Since the last edition, Artificial Intelligence (AI) systems, particularly those based on Large Language Models (LLMs) have received a lot of attention. These are very heavily data-driven systems, but most of the hazards that have been identified are at the societal, system, or algorithmic level and so not within the scope of this guidance. However, issues of biasing, interpretation and, arguably, falsification may arise, and those sections have been reviewed to ensure they remain applicable to this rapidly changing field. Similarly, the Data Properties Completeness, Analysability, and Explainability have been reviewed to ensure their continued applicability.
Data is here: Data is becoming ever more important in our lives: influencing, managing and even controlling many critical aspects. The use of AI systems is a new, exciting but potentially hazardous use of data. Large Language Model (LLM) based systems are trained on vast amount of data, and it this data which enables them to be useful
Data is growing: There are at least two reasons why the use of data has grown and, equally important, why it is expected to continue to grow. The first relates to the rapid expansion of the area loosely termed “Big Data”, including the use of large data sets to support machine learning and artificial intelligence applications. The second is the growing use of systems of systems, where data is the lifeblood that connects together disparate elements and allows a cohesive capability to be built. Put simply, the need to address data-related issues is a pressing problem and will continue to be so.

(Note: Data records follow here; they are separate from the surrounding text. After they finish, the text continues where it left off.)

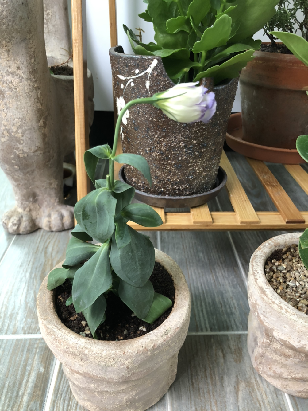 화원 사장님과 상의후에 꽃대를 과감히 자르고 거실 안으로 들여 흙을 말리는 중 입니다. 사나흘에 한번씩 통풍 잘 되는 곳에 내어뒀다가 다시 흙이 바짝 마르면 물을 주며 살리는 연습을 해봐야겠어요. 리시안셔스 밑둥에 새잎이 돋고 있어서 그나마 희망적이긴 했습니다. 호야는 뿌리만 남았어도 포기하지 않으려고요.
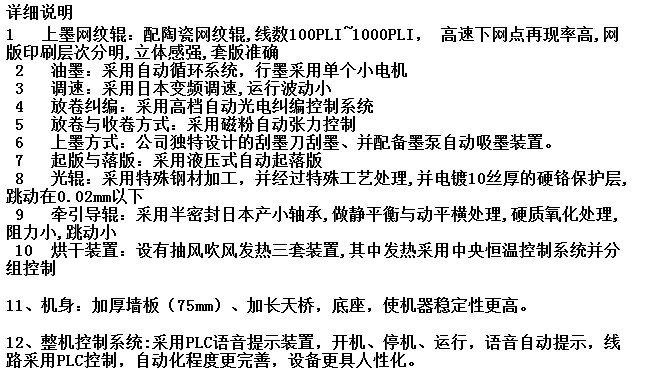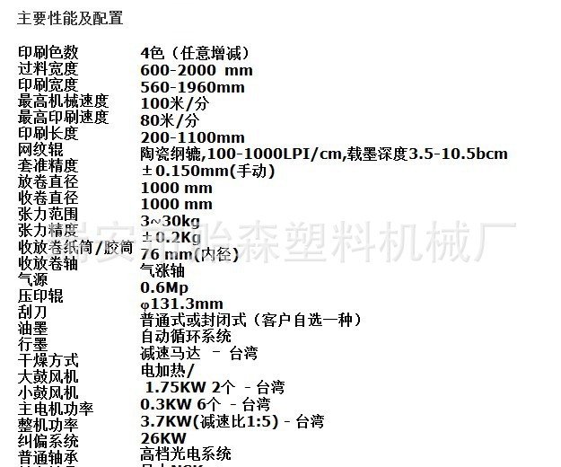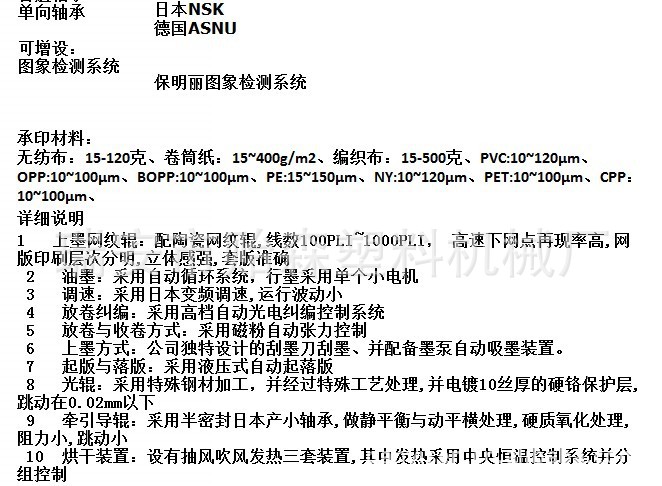 用途: 該機適合印刷聚乙烯、聚丙烯塑料袋、玻璃紙、卷筒紙,無紡布等包裝材料,是食品包裝,超市手提袋、馬夾袋、服裝袋,無紡布袋等包裝的理想印刷設備。 性能和特點: 1、操作簡便,起動柔和,套色準確。 2、計米器可根據(jù)要求設定印刷數(shù)量,到數(shù)自動停機,斷料自動停機。 3、手動起落印版滾筒,升降后油墨自動攪拌。 4、網(wǎng)紋滾筒傳墨,墨色均勻。 5、可靠的干燥系統(tǒng),配合高速運轉(zhuǎn),停機自動斷路。 6、360度連續(xù)可調(diào)的縱向?qū)ㄑb置。 7、進口變頻電機調(diào)速,適應不同印刷速度。 8、版輥座上及收料架上均裝有點動及停止按鈕,便于裝版時操縱機器
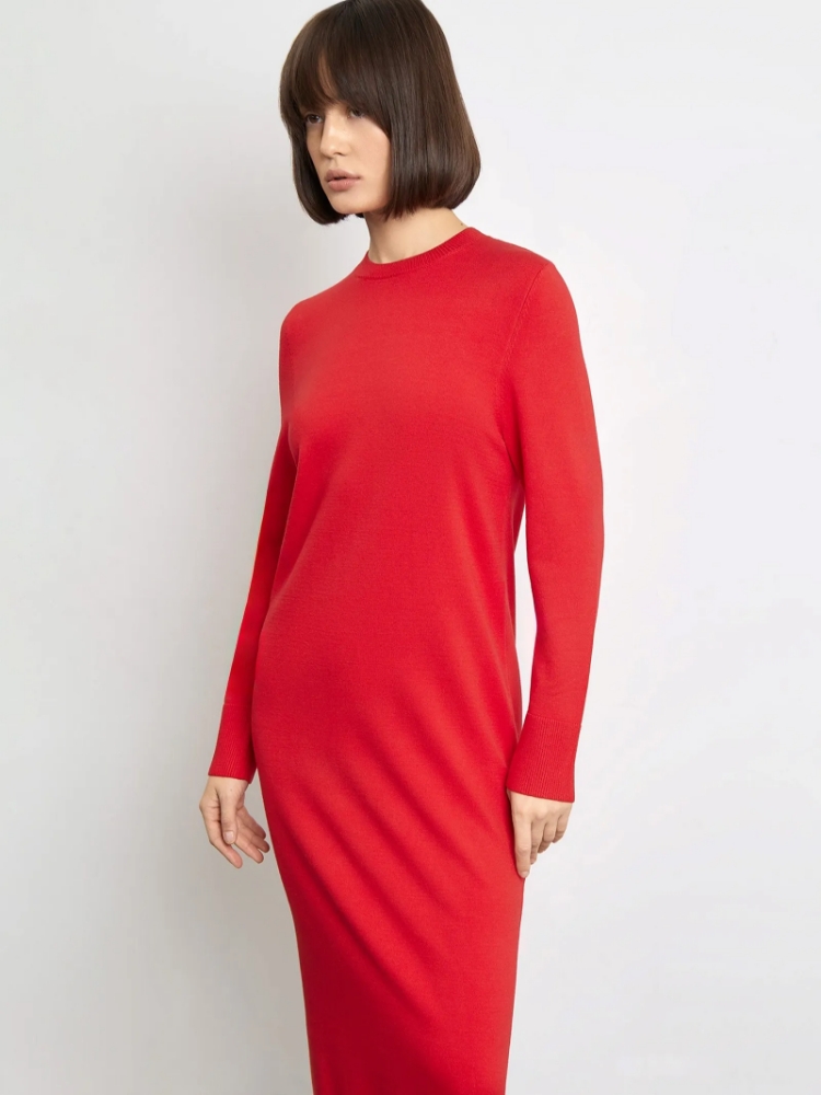 Трикотажное платье красного цвета отлично впишется в повседневный гардероб. В меру свободное, с длинными рукавами и круглым вырезом, оно не стесняет движений и комфортно ощущается на теле. Платье выполнено из материала с высоким содержанием дышащей и мягкой вискозы: материал хорошо подходит на демисезон
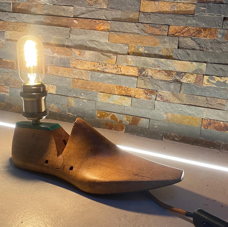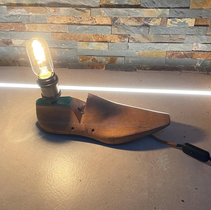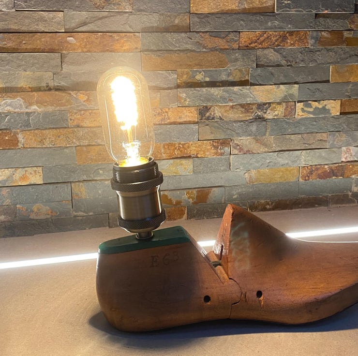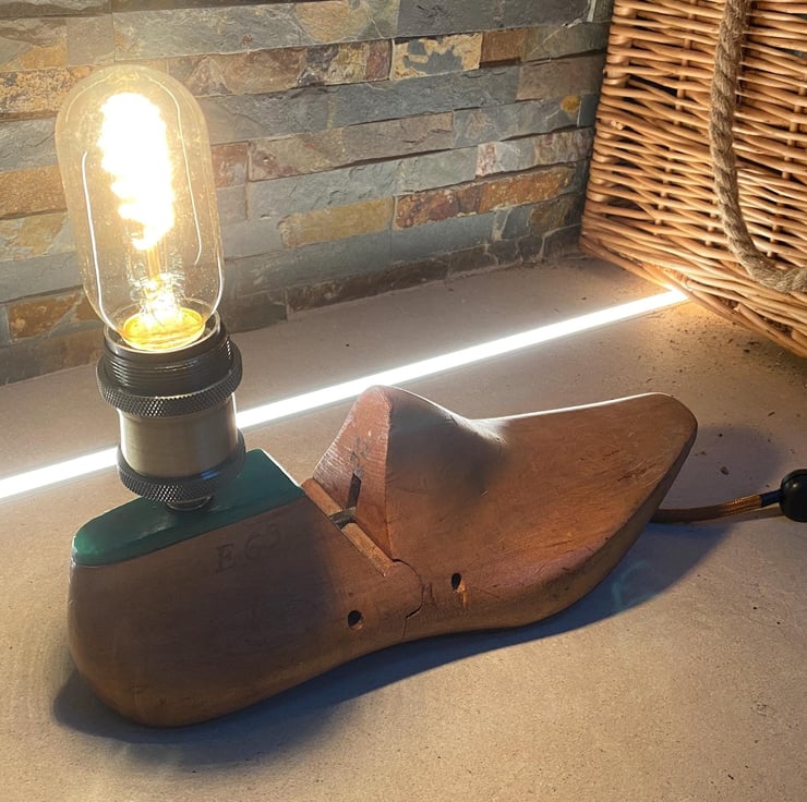 Ive taken an original vintage shoe last drilled and threaded to take take new vintage style lamp holder (Bulb not included ). There is vast choice as is a simple E27 screw fitting. New period braided cable and a bakelite style 3 amp plug. Then independently PAY tested for safety.
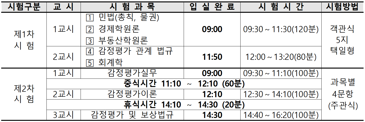 감정평가사 시험 시간표

Data is causing harm: Strictly speaking, data can neither cause nor prevent harm. However, mistakes introduced in data, or the inappropriate use of data, within safety-related systems have been factors in a number of documented accidents and incidents. Examples include: aircraft attempting to take off from the wrong runway (and consequently crashing); ships running aground; and patients being exposed to higher than planned doses of radiation.